India’s Reliance misses profit view as oil-to-chemicals business drags

By Sethuraman N R

BENGALURU (Reuters) -Reliance Industries, India’s most valuable company, reported a wider-than-expected drop in first-quarter profit on Friday, as its flagship oil-to-chemicals (O2C) business was hurt by weak demand and a steep fall in refining margins.

Reliance’s O2C business is still its main growth engine that powers both profit and revenue, despite the company’s aggressive expansion into retail, telecom and green energy.

“(O2C) demand was impacted by destocking on recessionary fears and high interest rates, as well as slower than expected ramp-up in China markets,” Reliance said in a statement.

The O2C business, which grew at a robust clip post the pandemic on higher demand for fuels, has now seen refining margins fall from record levels hit last year.

The profit on refining a barrel of crude oil in Asia plunged about 41% to $3.44 a barrel in the April-June period, according to Refinitiv data.

Fuel margins have fallen about 60-70% from last year’s highs, Chief Financial Officer V. Srikanth said in a post-earnings presentation.

Reliance stopped providing updates on gross refining margins a few quarters ago.

The billionaire Mukesh Ambani-led conglomerate said consolidated profit fell to 160.11 billion rupees ($1.95 billion) in the quarter ended June 30 from 179.55 billion rupees a year earlier.

Analysts expected the company to report a profit of 168.42 billion rupees, according to Refinitiv data.

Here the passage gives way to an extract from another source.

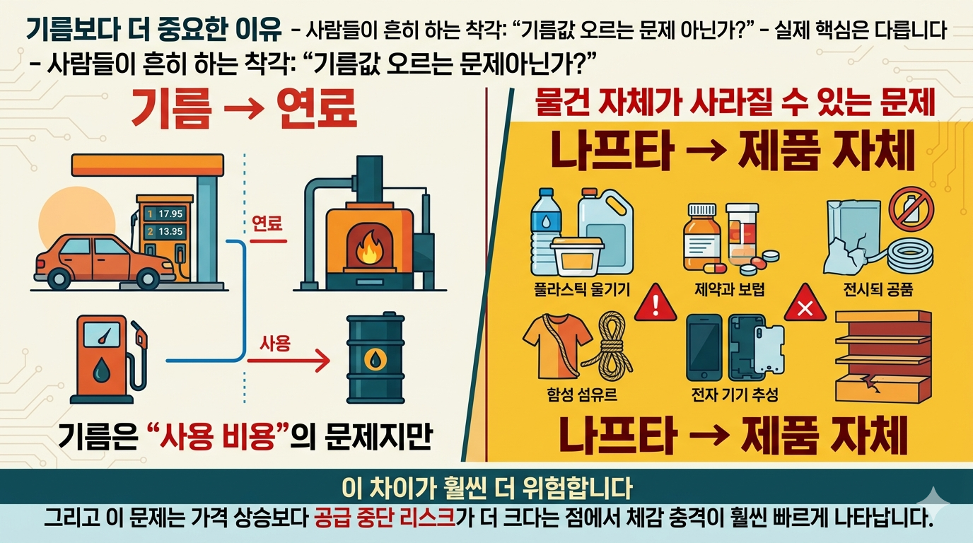 나프타는 “물건 자체가 사라질 수 있는 문제”입니다.

Revenue from operations fell 5.4% to 2.11 trillion rupees, primarily driven by a 17.7% drop in sales at the oil-to-chemicals segment, which took a hit from weak crude prices and lower price realisation of downstream products.

Reliance said earnings before interest, taxes, depreciation, and amortization, a key profit metric, for the retail division rose 33.9% during the quarter.

Telecom unit Reliance Jio reported its slowest profit and revenue growth in six quarters on Friday, hit by higher expenses and a lack of recent tariff hikes.

Investors are now focused on the annual general meeting of the company for details on the listing of Jio Financial Services (JFS), a demerged entity from Reliance, which is valued at about $20 billion.

JFS is seen as the conglomerate’s expansion into the lucrative financial services sector.